■ About this exercise
Repeat every entry word for word, but leave the images out of your copy.
++++++++
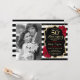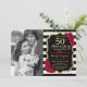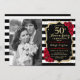 Invitación de Bodas de Oro con Foto. Diseño elegante en rojo y negro con falso dorado brillante. Cuenta con rayas blancas y negras, fuente script, rosas rojas y confeti. ¡Se puede personalizar para cualquier año! Envíame un mensaje si necesitas una personalización adicional.
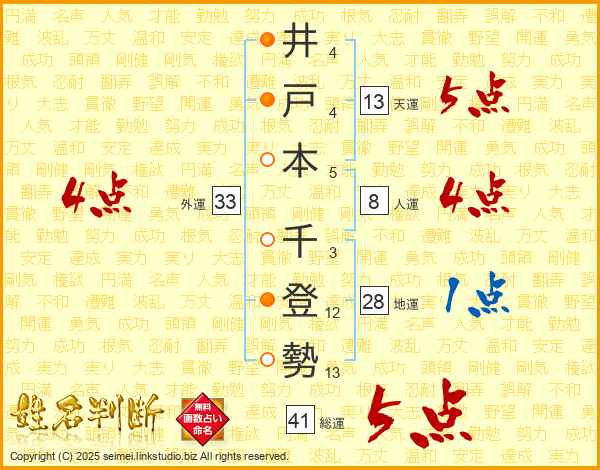 井戸本千登勢さんの総運は41画の5点!
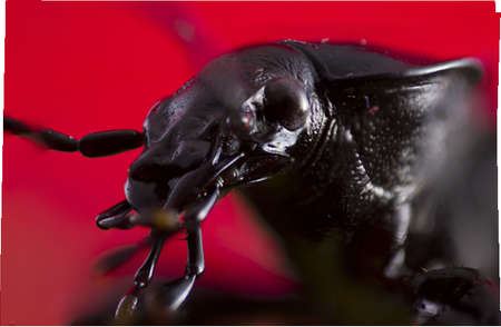 Macro of longhorn beetle, Prionus coriarius on violet blossom flower
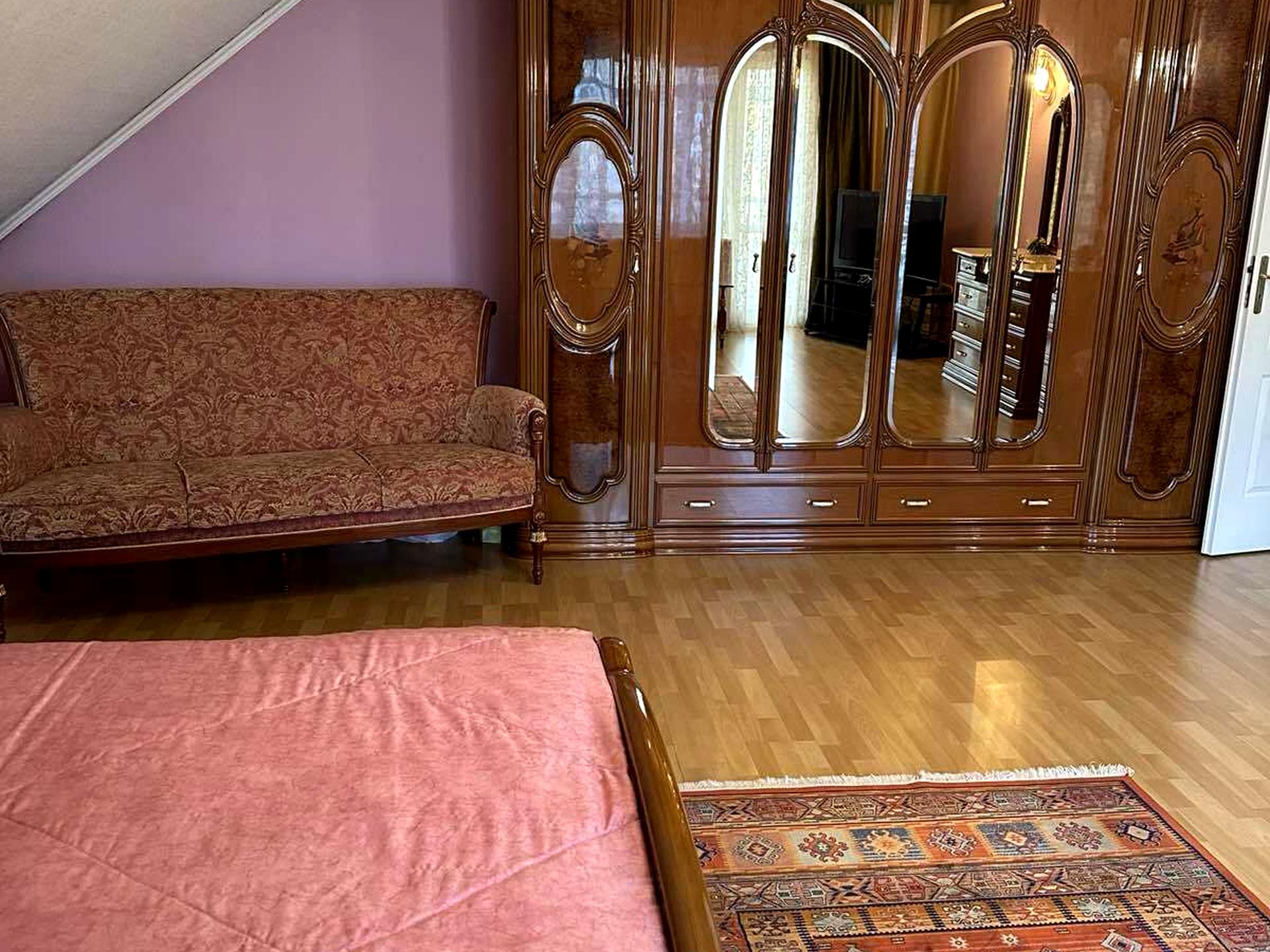 Будинок триповерховий, включно з цокольним поверхом. У будинку 5 кімнат, які включають в себе 4 спальні та одну простору гостинну, два роздільних санвузла. На першому поверсі діючий камін. На цокольному поверсі баня з душовою та кімнатою для відпочинку, велика гардеробна. Гараж на дві машини.
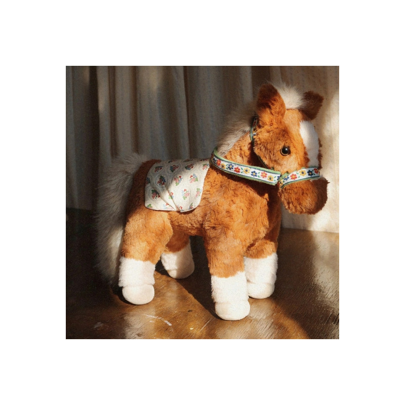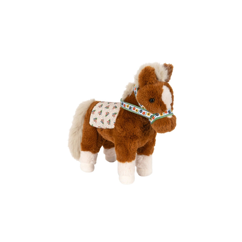 Fiona le cheval de chez Konges Sløjd est une peluche majestueuse et pleine de tendresse. Avec sa douce crinière crème, sa selle fleurie et son harnais brodé, elle invite à de belles aventures imaginaires. Facile à attraper et à câliner, Fiona deviendra vite la fidèle compagne de jeu des petits cavaliers.
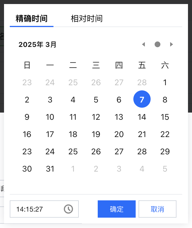 整个时间配置面板,包含精确时间和相对时间,其中精确时间通过日历选择一个固定时间;而相对时间可以进行复杂的时间配置。
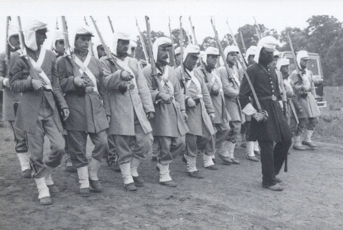 We expect our new members to assemble their primary uniform and equipment within the first year of membership as individual finances will allow. We recommend a general mid to late-war impression be developed first. Then, with a few modest additions to the wardrobe, the late-war impression and the early war impression can be perfected. All members are encouraged to purchase our pre-war militia/early war regimental impression which most members possess and which are quite unique. The photographs below provide a general view of how our impressions change according to the period we portray.
++++++++
■ Response to the exercise
 Invitación de Bodas de Oro con Foto. Diseño elegante en rojo y negro con falso dorado brillante. Cuenta con rayas blancas y negras, fuente script, rosas rojas y confeti. ¡Se puede personalizar para cualquier año! Envíame un mensaje si necesitas una personalización adicional.
 井戸本千登勢さんの総運は41画の5点!
 Macro of longhorn beetle, Prionus coriarius on violet blossom flower
 Будинок триповерховий, включно з цокольним поверхом. У будинку 5 кімнат, які включають в себе 4 спальні та одну простору гостинну, два роздільних санвузла. На першому поверсі діючий камін. На цокольному поверсі баня з душовою та кімнатою для відпочинку, велика гардеробна. Гараж на дві машини.
 Fiona le cheval de chez Konges Sløjd est une peluche majestueuse et pleine de tendresse. Avec sa douce crinière crème, sa selle fleurie et son harnais brodé, elle invite à de belles aventures imaginaires. Facile à attraper et à câliner, Fiona deviendra vite la fidèle compagne de jeu des petits cavaliers.
 整个时间配置面板,包含精确时间和相对时间,其中精确时间通过日历选择一个固定时间;而相对时间可以进行复杂的时间配置。
 We expect our new members to assemble their primary uniform and equipment within the first year of membership as individual finances will allow. We recommend a general mid to late-war impression be developed first. Then, with a few modest additions to the wardrobe, the late-war impression and the early war impression can be perfected. All members are encouraged to purchase our pre-war militia/early war regimental impression which most members possess and which are quite unique. The photographs below provide a general view of how our impressions change according to the period we portray.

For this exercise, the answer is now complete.